_Your goal_. From the line with "The Brymore Jones" through the last line of the records below, both ends included, transcribe only those lines, exactly, and omit the pictures.

** Opening Source material block **

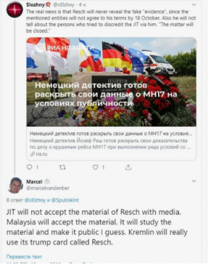 Однако блогер Marcel, специализирующийся как раз на теме крушения Боинга выдвинул интересную версию, что если совместная следственная группа не примет условия Реша, если предложением может заинтересоваться Малайзия, также как и Россия ищущая ключ к разгадке. Напрасно Голландия думает, что следы своих преступлений можно так легко скрыть, ведь Москва вряд ли откажется использовать данные детектива в качестве своего козыря, на который у заказчиков этой трагедии точно не будет ответа.
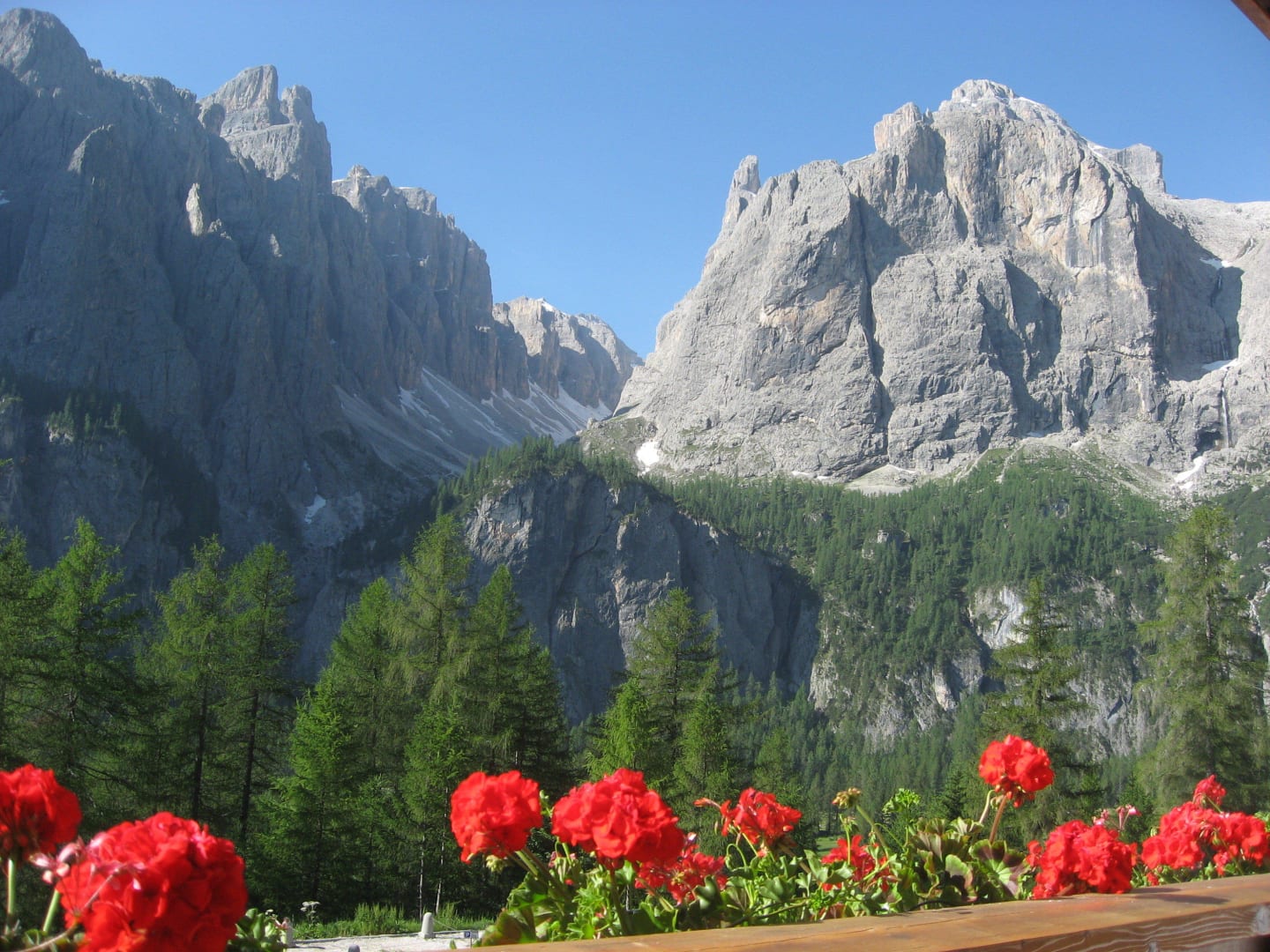 Blick vom Zimmer 228 direkt auf den Sellastock und das Mittagstal
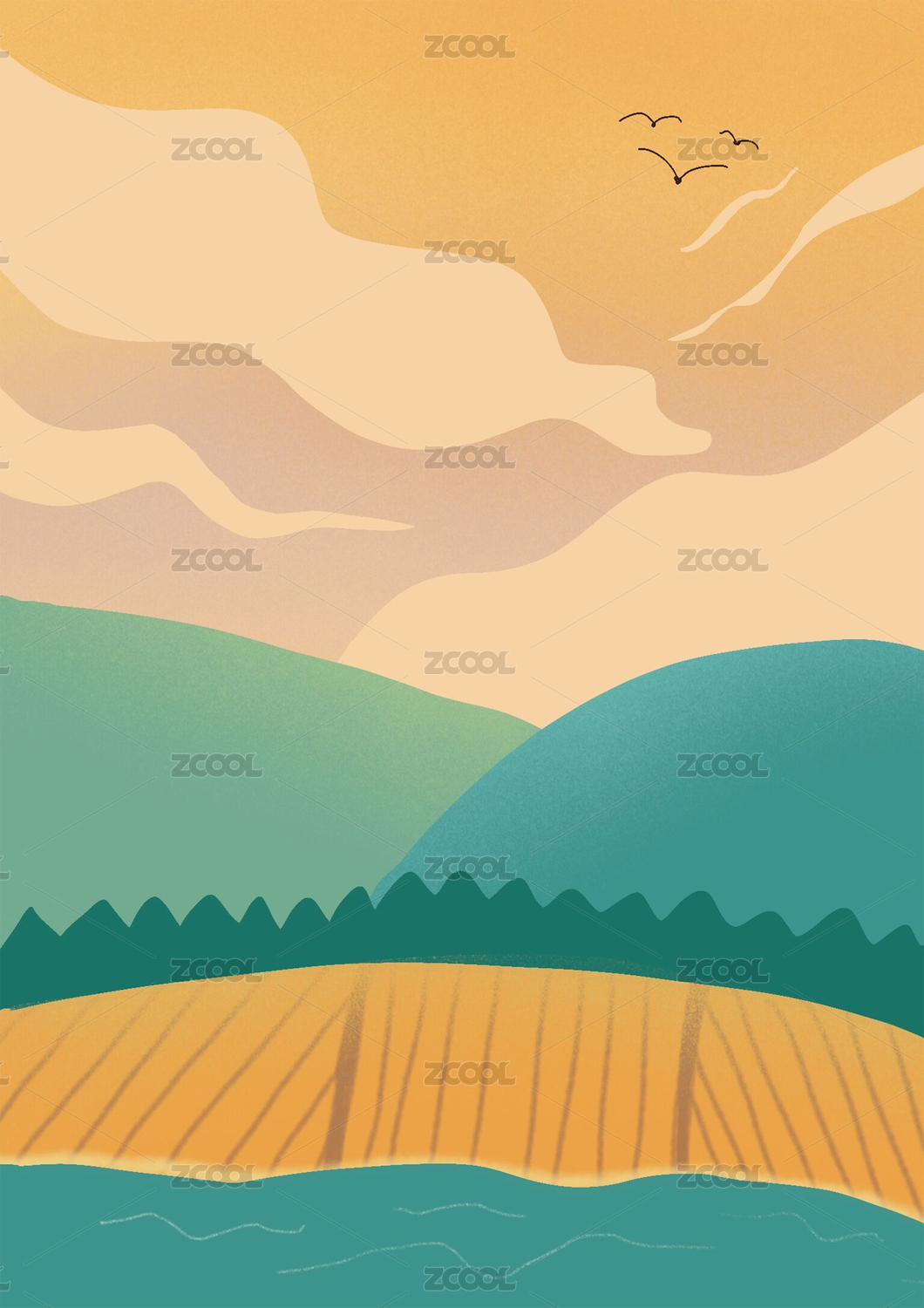 秋天,芒种,麦田,落日,户外,植物,留白,节气,矢量,插画
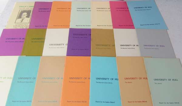 The Brymore Jones annual library reports. [1954-55, - 1983-84], 21 issues (lacking report for 1955-56, 1956-57 & 1961-62), with a typed letter signed from Larkin to the Head of the School of Librarianship, Loughborough College of F.E., regarding a visit to the University of Hull library, 2 April 1962; Larkin, Philip Aubade. Salem: Charles Seluzicki, 1980. 8vo, one of 250 copies initialled by the author, original grey wrappers & envelope; with 5 other items, red cloth box lettered "Philip Larkin Ephemera"
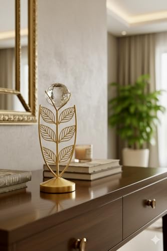 - LUXURIOUS & STYLISH DESIGN: Gold plated metal decorative piece with non-peel-off gloss finish, with crystal clear 100g ball adds a sophisticated touch to any place

** Closing Source material block **

_Answer area_.
 The Brymore Jones annual library reports. [1954-55, - 1983-84], 21 issues (lacking report for 1955-56, 1956-57 & 1961-62), with a typed letter signed from Larkin to the Head of the School of Librarianship, Loughborough College of F.E., regarding a visit to the University of Hull library, 2 April 1962; Larkin, Philip Aubade. Salem: Charles Seluzicki, 1980. 8vo, one of 250 copies initialled by the author, original grey wrappers & envelope; with 5 other items, red cloth box lettered "Philip Larkin Ephemera"
 - LUXURIOUS & STYLISH DESIGN: Gold plated metal decorative piece with non-peel-off gloss finish, with crystal clear 100g ball adds a sophisticated touch to any place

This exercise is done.